Also, about statefullness: I think every model (container) should have a list of shared variables: internal_states. Of course the updates would have to be passed to the model by each layer with statefull == True and then added to the updates returned by optimizer.

I think Recurrent model is essential for Keras, since currently implemented recurrent layers are not really usefull for new architectures.

pranv commented 9 years ago

@elanmart Agreed!

I just need to wrap my head around what the user actually sees and how it works - as a coherent system, much like Sequential and Graphs.

Also, I don't think that there are other libraries that do this well. Thus, this is really really important

elanmart commented 9 years ago

@pranv I agree, other libraries are also defficient in this matter.

Let's see. I think that:

Then we need to somehow plug this into scan.

Edit: we would also somehow have to handle the prediction, where output is fed back as input step by step.

pranv commented 9 years ago

@elanmart

Recurrent model will accept single layers, just as Graph does

Won't this make the two model's code very redundant?

Every time a layer is added, user specifies: how is it computed given input and how is it computed given all previous internal_states.

Do we need internal states or is it taken out as output and Refed as input? Also, a way to split inputs will be necessary if we go with the latter choice.

Is the output of this layer statefull and returned to parent Model.

This is a good idea. State-full is better than not.

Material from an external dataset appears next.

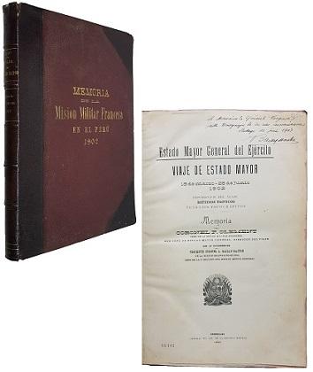 (SO) - Chorrillos, Perú - Memoria de la Misión Francesa en el Perú. Viaje de estado Mayor 18 de Marzo a 25 de junio de 1902. Descripción del Viaje, Estudios Tácticos, Trabajos Topográficos, por Coronel Paul Clement, Jefe de la Misión Militar Francesa. Sub-Jefe de Estado Mayor General, Director del Viaje. Con la Colaboración del Teniente coronel L. Bailly-Maitre de la Misión Militar Francesa, Jefe de la 3ra Sección del Estado Mayor General - Firmado y dedicado por Teniente coronel L. Bailly-Maitre - Con datos estadísticos, fotos y láminas desplegables - Encuadernado en medio cuero, cuero en lomo y en puntas - 33x23 cm - Algunos roces en lomo y en puntas - Interior: contratapa con mancha de humedad en borde - En general, buen estado |

fchollet commented 9 years ago

Do you see this as a valuable thing?

I'm still not sure what this container/model could do that the upcoming TimeDistributed layer wouldn't do. TimeDistributed would be a layer-level implementation of what you're describing (a wrapper for scan). It allows to use any Keras layer in a recurrent architecture (but layers that make use of past states will still need to be implemented as recurrent layers, like today).

Adding only a layer to the codebase is much simpler and has a much lower risk of issues than adding an entire new container. What is the justification for the model?

I think the fundamental issue here is the notion of computational containment. In Keras all computation happens in layers, which makes it easy to write, understand and debug. This model seems to be proposing to distribute computation outside of layers as well, in the container (which is supposed to be a dumb data router). Specifically the following:

Every time a layer is added, user specifies: how is it computed given input and how is it computed given all previous internal_states.

How would you implement this. I keep getting back to a design where in the model or container is just a wrapper for theano.scan.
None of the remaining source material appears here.